The next one is a bit more serious, though once again a reasonably competent reader will be able to figure out what you meant.

Now let $O$ be the set consisting of the singleton sets $\{x(k)\}$ for the first $n$ components and of $\{0,2\}$ otherwise.

Any mathematician reading that will, on getting to $\{x(k)\}$, think that $O$ is a set that has as some of its elements certain singleton sets $\{x(k)\}$, which is emphatically not the case: these singletons are factors of $O$, not elements of $O$. What you meant is:

Now let $O=\prod_{k\in\Bbb Z^+}O_k$, where $O_k=\{x(k)\}$ if $k\le n$ and $O_k=\{0,2\}$ otherwise.

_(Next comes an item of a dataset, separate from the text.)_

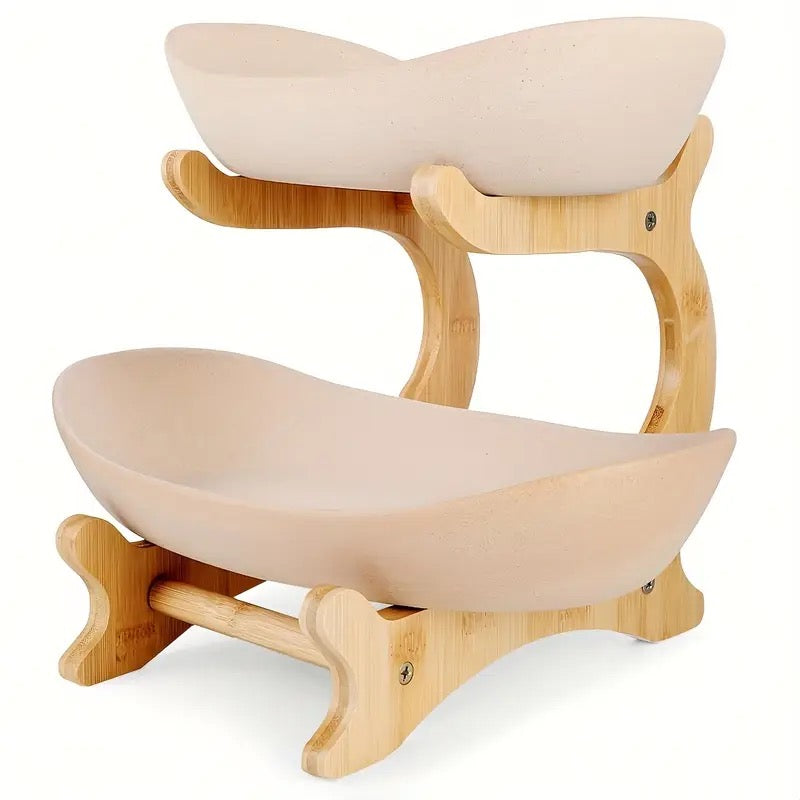Bring harmony and elegance to your kitchen or dining table with this two-tier bamboo and ceramic serving stand. Designed with eco-friendly bamboo support and smooth, leaf-shaped ceramic bowls, it perfectly combines natural beauty with modern design. Ideal for showcasing fruits, snacks, or appetizers, this stand enhances both everyday dining and special occasions while saving space with its vertical layout.
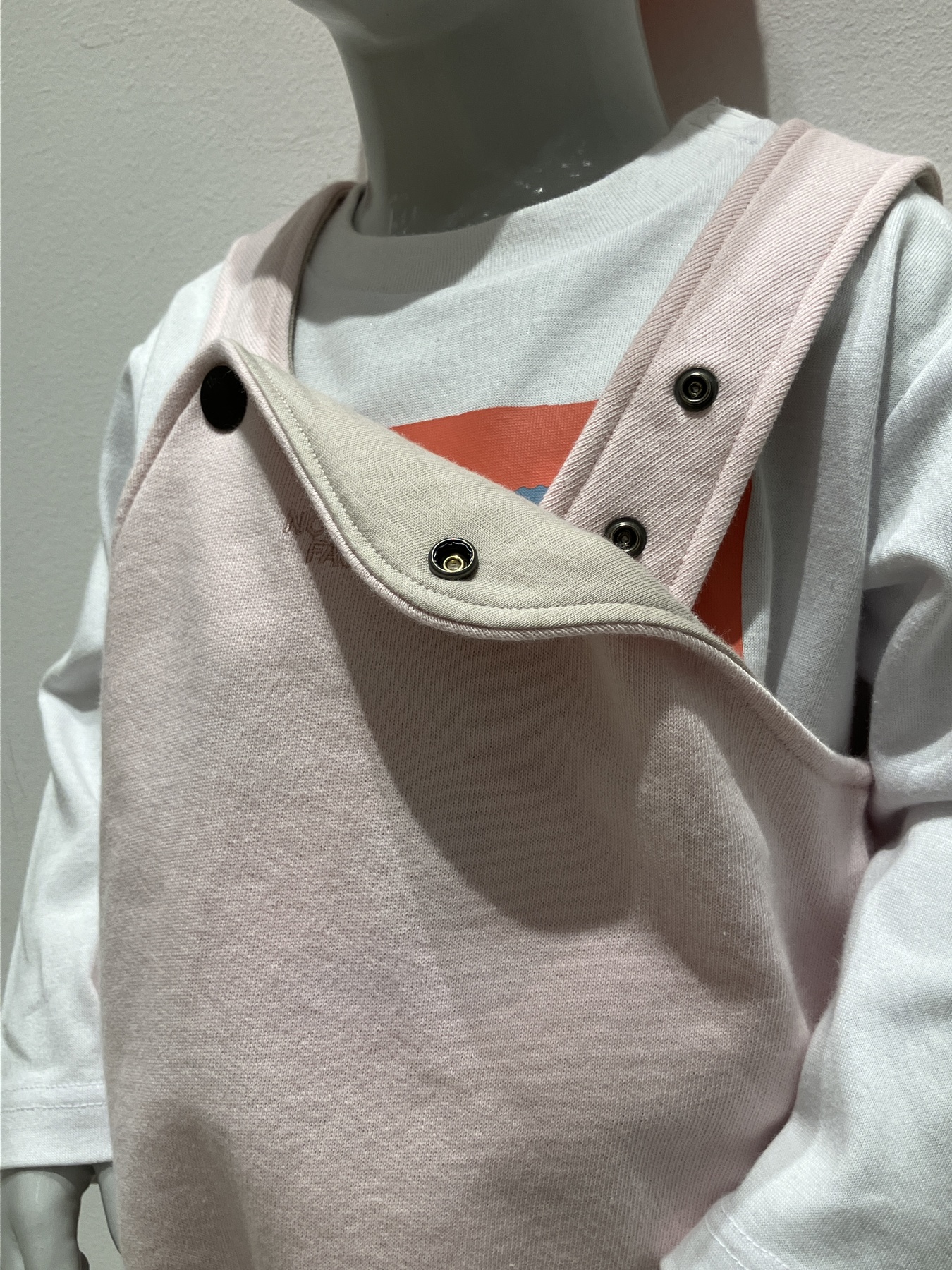 肩背带可用钮扣调整尺寸,裤裆部分为子母扣设计,换衣服或换尿布都很方便。

Similarly, in the last part of the proof you don’t mean

when $O$ is equal to $\{0,2\}$ in all but finitely many components;

you mean

when $O=\prod_{n\in\Bbb Z^+}O_n\subseteq X$ is such that $O_n=\{0,2\}$ for all but finitely many $n$.

In the last part of the proof you could stand to give just a bit more detail. Specifically, it would be kinder to the reader to give a little more explanation of why $$\big(f(x)-\delta,f(x)+\delta\big)\subseteq f[O]\;.$$

Answer 2

See my answer https://math.stackexchange.com/a/475093/87690. It describes more general construction of homeomorphism between $2^ω$ and some Cantor set. If you define $F_f$'s to be the intervals for standard Cantor set construction, you'll get your function $f$ as the homeomorphim.